Men working nights are threatened by prostate cancer

Males working in the night shift, according to a study conducted in Canada, are three times more likely to be affected by prostate cancer than by those who work in the day's change. It is believed that the production of melatonin, a hormone that helps regulate sleep, is disturbed during the night shift and work. [...]
It is believed that the production of melatonin, a hormone that helps regulate sleep, is disturbed during the night shift and work.
When our bodies are exposed, the production of melatonin decreases by promoting the movement of many processes in our bodies, which help to develop tumors.
The research featured 3,137 males who had been diagnosed with cancer.
The results have shown that most of them during a period of time had worked on the night's shift, the telegram broadcast.
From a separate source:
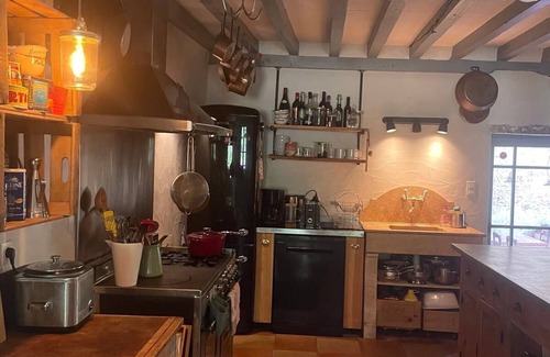 - A kitchen / dining room of 60 m² equipped with a fireplace and a cooker (5 gas burners / 2 electric ovens) - stone sink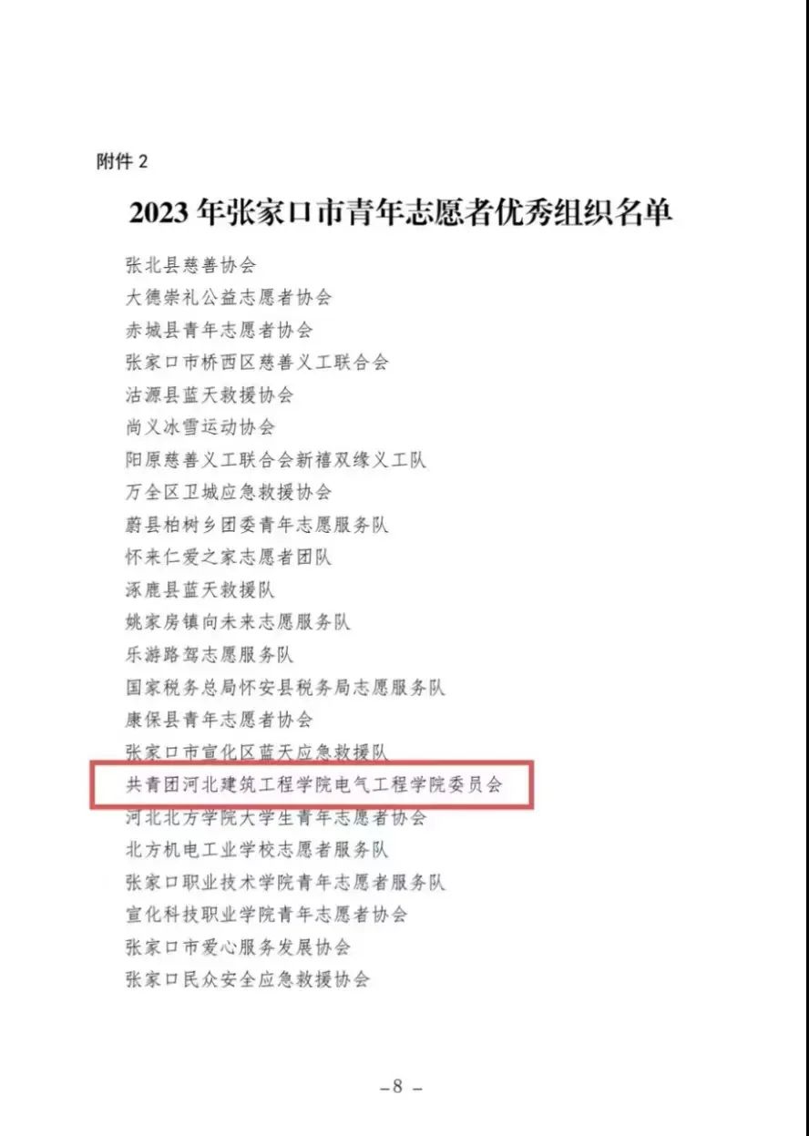 近日,由共青团张家口市委、张家口市民政局、张家口市文明办下发了《关于选树2023年张家口市青年志愿者优秀个人和优秀组织的通报》,db真人体育官网团委在此次评选中荣获“张家口市青年志愿者优秀组织”称号。

In early stages, prostate cancer gives no clinical signs. In the most advanced stages, clinical signs appear, such as frequent urination, especially at night; poor urination, not powerful; sudden suspension of urination, and re-entering of urination in a few seconds; pain and burns during urination; blood urination, often accompanied by small blood fragments frequently; presence of blood in sperm; denitated pain in one or some bones, especially in the bones of the basin and in vertebrates, that continue until at least two weeks, the advanced cancer sign that has touched the bones.

Clinical signs of prostate cancer should not be misinterpreted by people with such symptoms and try to achieve a self - diagnosis, as these signs meet in other diseases of prostate of non - cancerous origin.
Besides prostate cancer, males who work in the night shift are at risk of contracting intestines, bladders, and lungs.
Although previous research has suggested that working at night harms women the most, studies by scientists at Quebec University show that even males are as endangered as females.
The human organism has its biological clock, which means that it has time for sleep and working hours scheduled for work.
So in experiments, blood tests showed that normal 6% of DNA genes are specifically more or less active, in different periods of the day.
Since the volunteers began working at night, that proper genetic adjustment began to lose.